I study them, they study me. My plaited cotton skirt covered in blue roses, the lace knee-highs making their way down my tensed muscles. The somewhat too transparent t-shirt. (This is the femme part of this text)
They have time to study me since my climbing up the stairs gives them that. I only have time to catch glimpses of them. In these glimpses I must make up my mind about them. Who they are, where they come from, where they are going and why they are going there.

When climbing these stairs I find I am on display. I try to make a room where I feel comfortable being displayed. A perfomance.
I try working my body up the stairs with force, I do not shun my gaze when those patting heels and the eyes of their bearers look at me. The situation make me as overt as I have ever been. There is no way I pass for ablebodied right now and there is indeed nothing I can do about it.

Visability has a price, invisability an even higher one. If making everytime the elevators wont work and climbing is a fact a perfomance is the only way to remain true. Do it!
Remember: it is not the body that cripples a crip but its enviroment.

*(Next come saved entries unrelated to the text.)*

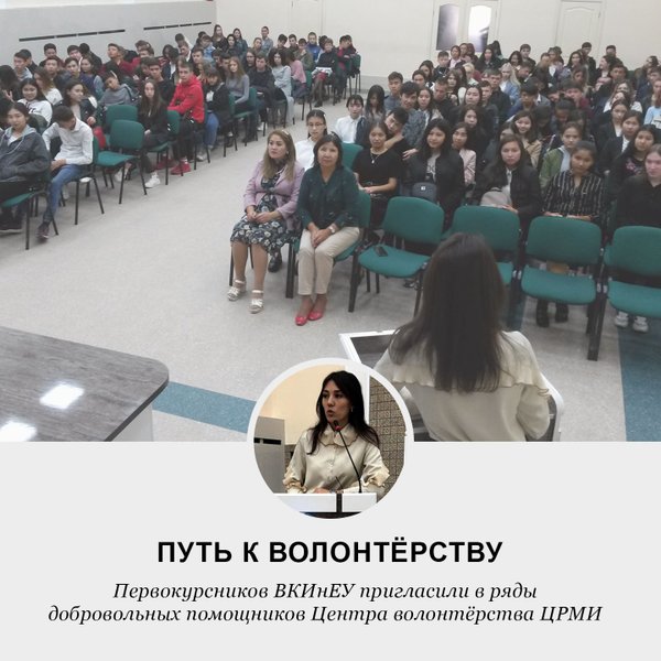 первокурсникам. Руководитель Центра волонтёрства ЦРМИ Саягүл Серікбекқызы рассказала ребятам о разных видах добровольной общественной работы. Ребята, если вы хотите быть полезными обществу, решать важные социальные вопросы, оказывать помощь тем, кто в ней нуждается, обращайтесь в Центр волонтёрства ЦРМИ: ул. Ломова, 38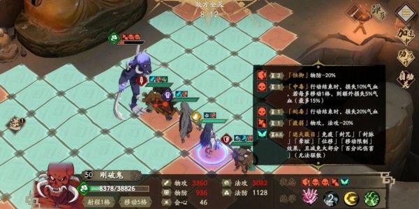第8回合。依依走到BOSS下方3格放誓死,殷剑平走到BOSS下方补血刃普攻,韩无砂原地普攻(被依依护卫),白菀原地治疗依依并加地御。敌动阶段,BOSS必定选择韩无砂,依依护卫。回合结束时,BOSS剩余血量6268。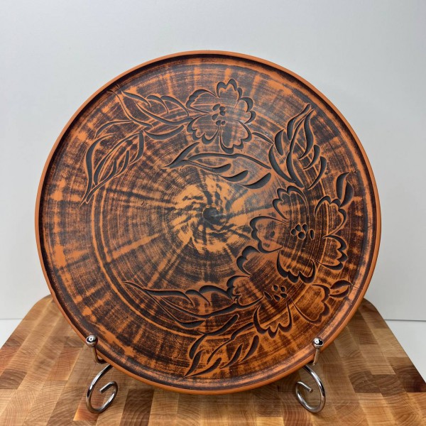 Тарілка різьблена 25 см 18641(Ангоб) - декор з білою смужкою*.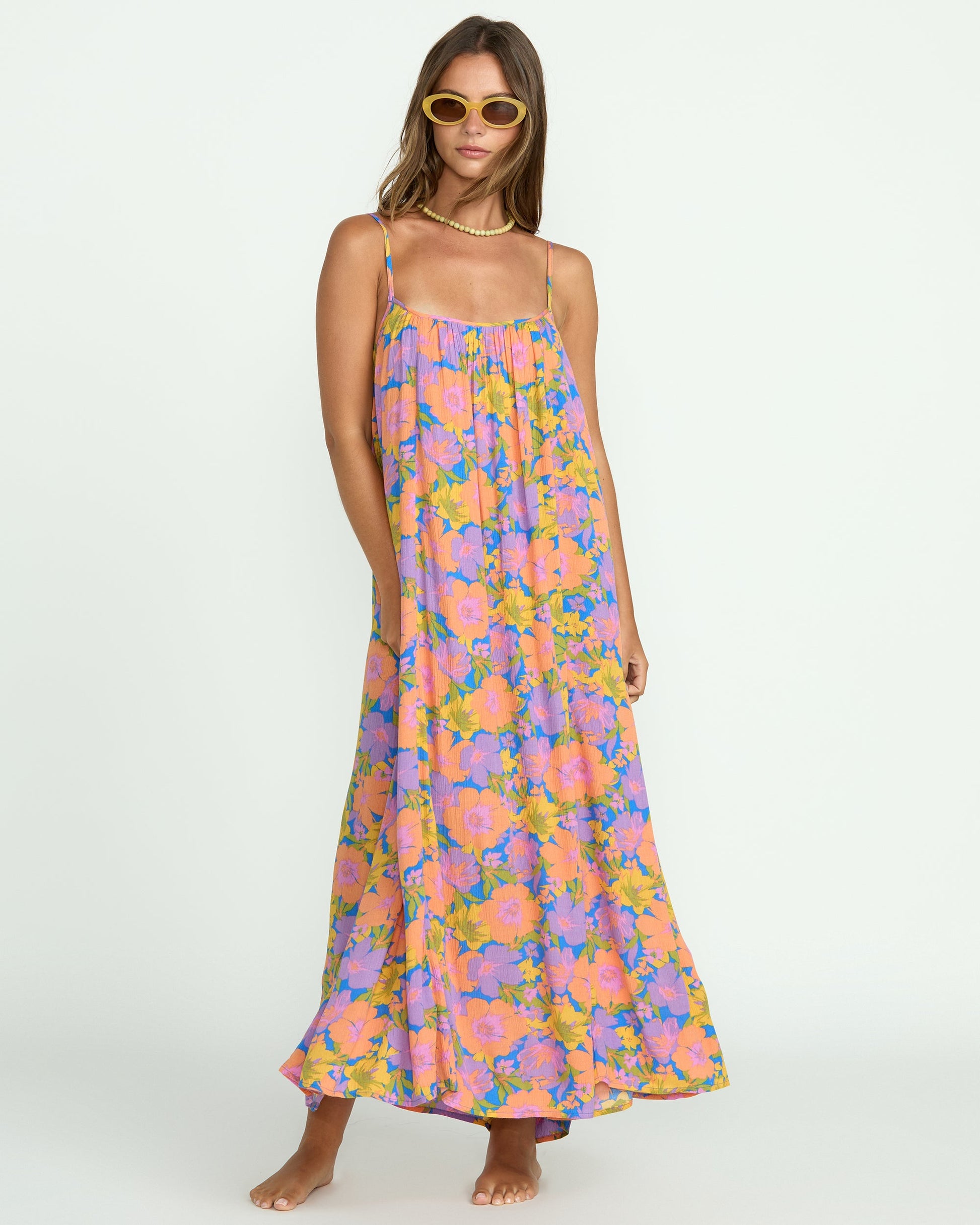 Our Billabong breezy viscose midi dress boasts crinkled texture and floaty fit-perfect for slipping over swimsuits or wearing casually.

When I have climbed all the way up. I brush my hands on my skirt, draw a deep breath and enjoy the security of my walker again. (Mind you mountain climbing only works if someone is behind me carrying my walker.)
As always my head is held high, my back is a straight as it can be. I make my way through a crowd that will never known I just perfomed to save my life!

Now is the time when MacGuywer would have made a cableway for himself using an
old gum and his sholaces. Sadly I have none of his skills.
-From my soon to be finished monlouge "Jonathan!" on surving as a crip!